Author(s): Francis JH, Wiesner T, Milman T, Won HH, Lin A, Lee V, Albert D</strong>M, Folberg R, Berger MF, Char DH, Marr B, Abramson DH. Investigation of somatic GNAQ, GNA11, BAP1 and SF3B1 mutations in ophthalmic melanocytomas. Ocul Oncol Pathol. 2016 Apr;2(3):171-7. doi: 10.1159/000442352. Epub 2016 Jan 27. PMID 27239460

Journal: Ocular Oncology And Pathology, Volume 2, Issue 3, Apr 2016

PURPOSE The aim of this study was to use massively parallel DNA sequencing to identify GNAQ/11, BAP1 and SF3B1 mutations in ophthalmic melanocytoma.

PROCEDURES Six ophthalmic melanocytoma specimens (1 iridociliary and 5 optic nerve) were profiled for genomic alterations in GNAQ/11, BAP1 and SF3B1 using a custom deep sequencing assay. This assay uses solution phase hybridization-based exon capture and deep-coverage massively parallel DNA sequencing to interrogate all protein-coding exons and select introns.
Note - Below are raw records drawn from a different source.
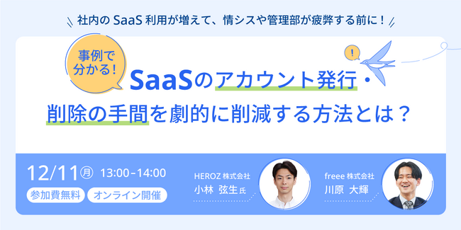 freee株式会社(本社:東京都品川区、CEO:佐々木大輔、以下「freee」)は12月11日(月)13:00~14:00「事例で分かる!SaaSのアカウント発行・削除の手間を劇的に削減する方法とは?」セミナーをオンラインで開催します。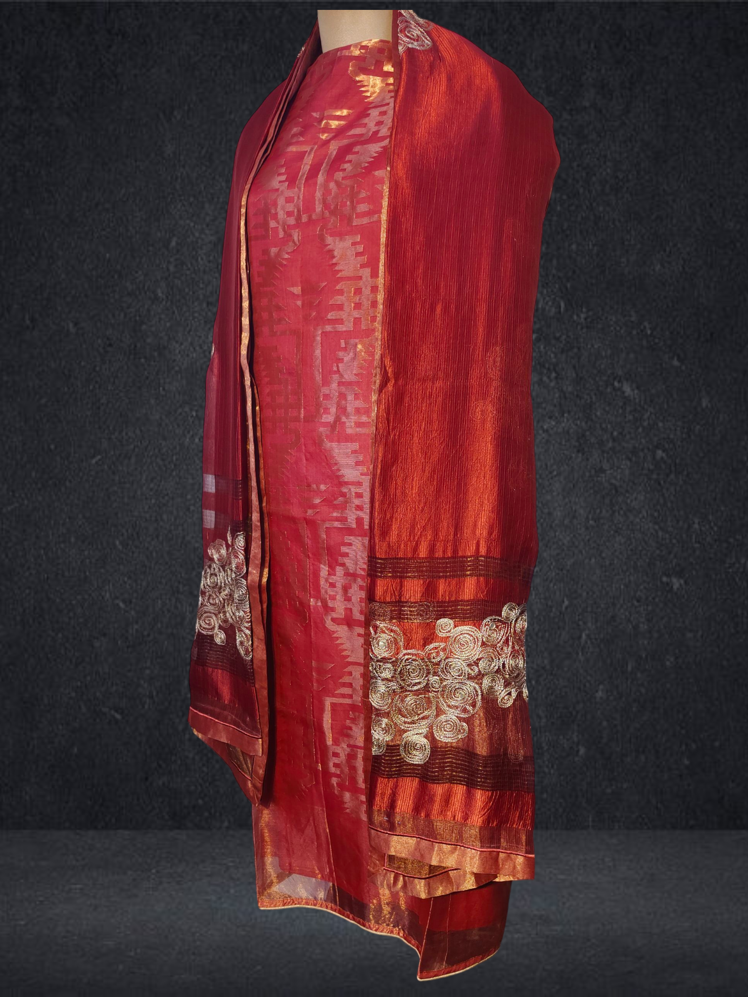 This 3 pc suitset features an elegant zari woven buta kurta and textured chanderi designed in unique abstract floral theme.Kurta is 48 inch maximum in length but can be shortened as per requirement as there is no neckline .The single side ghera is 34 inch so sizes upto 5XL are possible to get tailored in this material.The kurta is prelined with cotton mal.
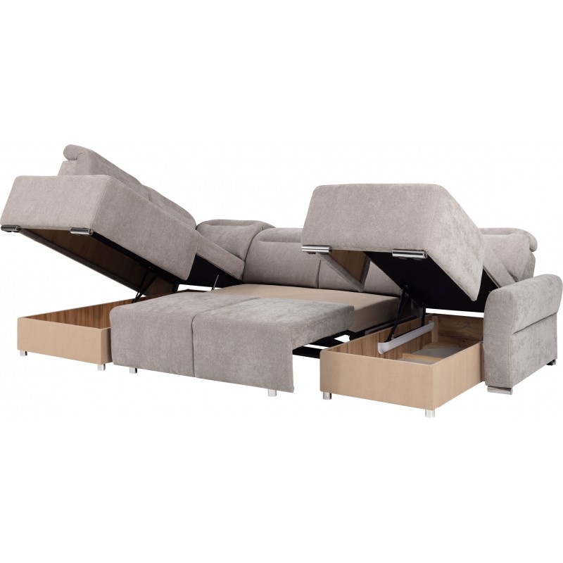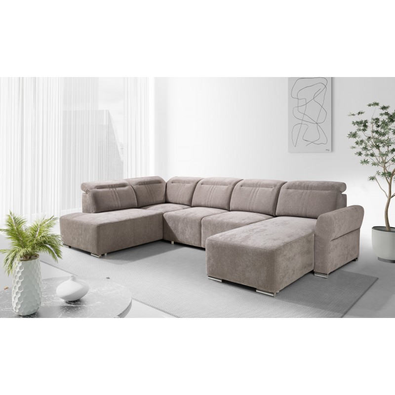 Narożnik WOCA I to nowoczesny, tapicerowany mebel w kształcie litery U, który łączy elegancję z funkcjonalnością. Wyposażony w funkcję spania, pojemnik na pościel oraz regulowane zagłówki, zapewnia maksymalny komfort użytkowania. Jego duża powierzchnia siedziska sprawia, że doskonale sprawdzi się w przestronnym salonie jako miejsce do odpoczynku i spotkań z bliskimi. Solidne wykonanie i nowoczesny design gwarantują trwałość oraz stylowy wygląd na lata. WOCA I to idealne połączenie wygody, jakości i nowoczesności.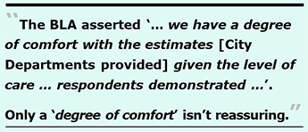 The BLA, sadly, gave too much credit where it wasn’t due about City staff who completed the BLA’s Excel survey workbooks. The BLA asserted “… we have a degree of comfort with the estimates [City Departments provided] given the level of care that many survey respondents demonstrated in preparing their annual financial cost estimates.”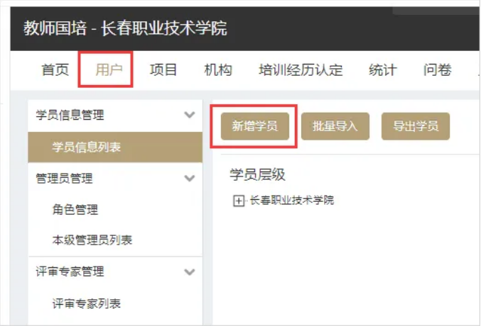第三步:在“用户”页面中的“学员信息列表”中选择“新增学员”,在系统中添加“参训学员”信息。如系统中已有该学员信息,此步忽略。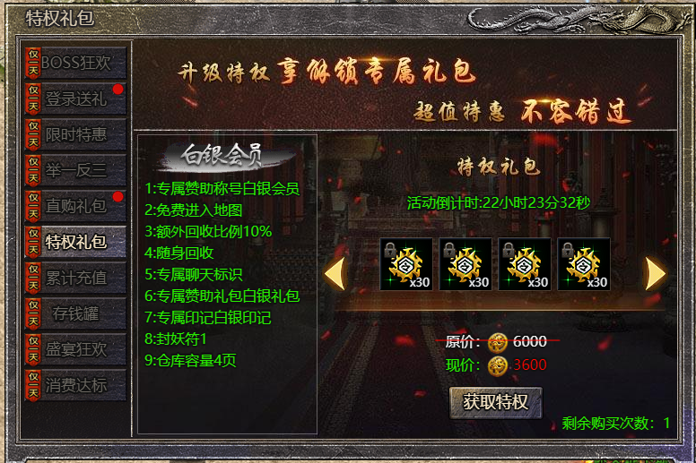 1.活动期间,玩家可在活动面板购买限购礼包,拥有对应的赞助特权,才能购买对应的礼包哦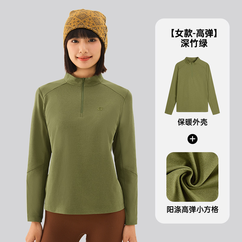 探拓 户外速干衣 女款长袖T恤透气徒步登山半开衫上衣打底衫 2537068TX 深竹绿轻盈弹力 合身无拘 户外速干衣 2537068TX 深竹绿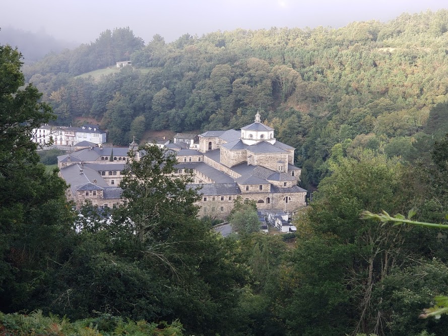 The monastery in Samos, Spain. The compound looks almost like a village itself. Shania, Manny and Diego tour the monastery with Gil and Meagan. Monasterio de San Julián de Samos.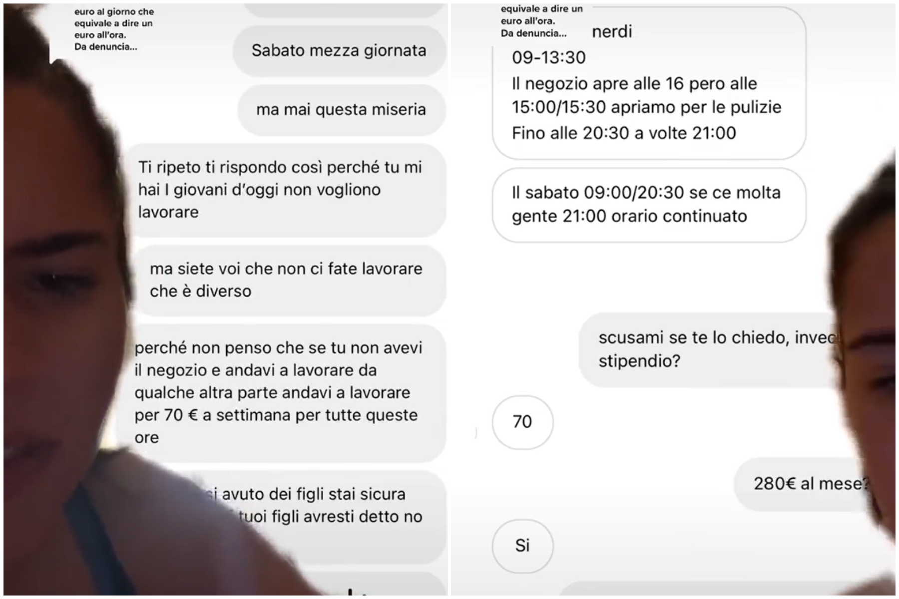 Tutto è nato da uno dei tanti annunci pubblicati sui social, nei gruppi Facebook di quartieri ad esempio. Francesca risponde chiedendo maggiori informazioni. E’ interessata perché il negozio in questione si trova a poca distanza da casa sua e quindi potrebbe anche arrivarci a piedi. Dopo essere stata contatta in chat, le viene chiesto se avesse già altre esperienze lavorative poi quando si è affrontato il tema della retribuzione la situazione è degenerata. Stando alla richiesta della titolare del negozio, gli orari erano dal lunedì al venerdì dalle 9 alle 13.30 e dalle 15 alle 20.30. Il sabato invece orario continuato dalle 9 alle 20.30 per uno stipendio pari a 70 euro a settimana, 280 euro al mese, poco più di un euro all’ora.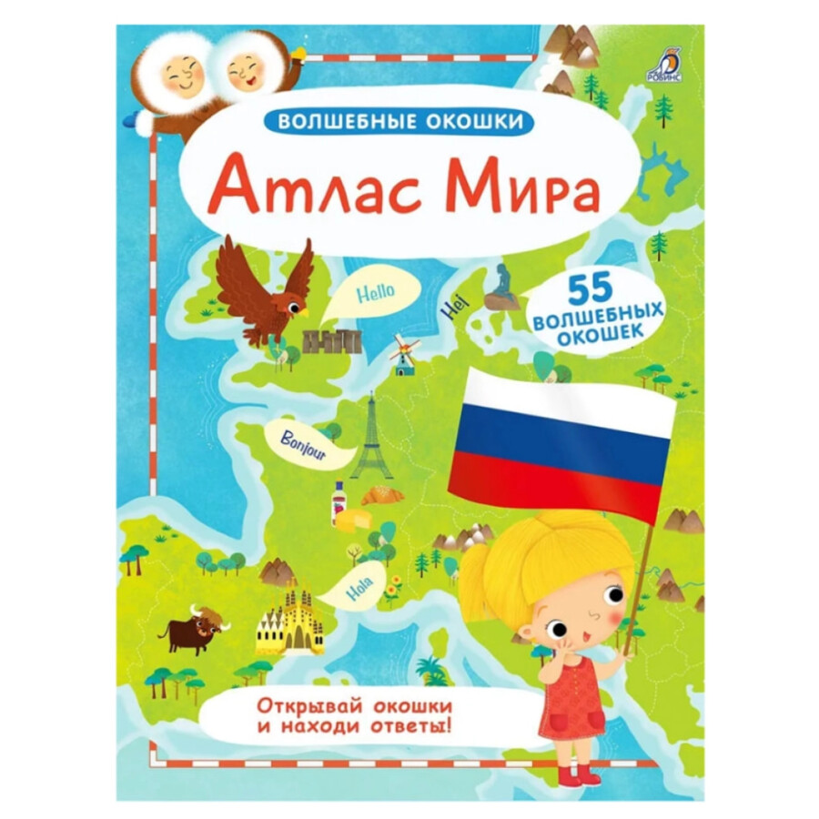 «Атлас мира» с 55 волшебными окошками подарит часы познавательного досуга и ответит на множество вопросов, которые обычно задают дети, изучая географию.

RESULTS The only iridociliary melanocytoma showed a mutation in GNAQ but not in BAP1. Of the 2 optic-nerve melanocytomas that developed into melanoma, one had a GNAQ mutation and both a BAP1 mutation and monosomy 3. The remaining 3 optic-nerve melanocytomas did not reveal mutations in GNAQ/11 or BAP1. SF3B1 mutations were not detected in any specimen.

CONCLUSIONS The presence of GNAQ mutation in some iridociliary and optic-nerve melanocytomas suggests a possible relationship between ophthalmic melanocytoma and other ophthalmic melanocytic neoplasms. BAP1 mutation may accompany the transformation of ophthalmic melanocytoma to melanoma.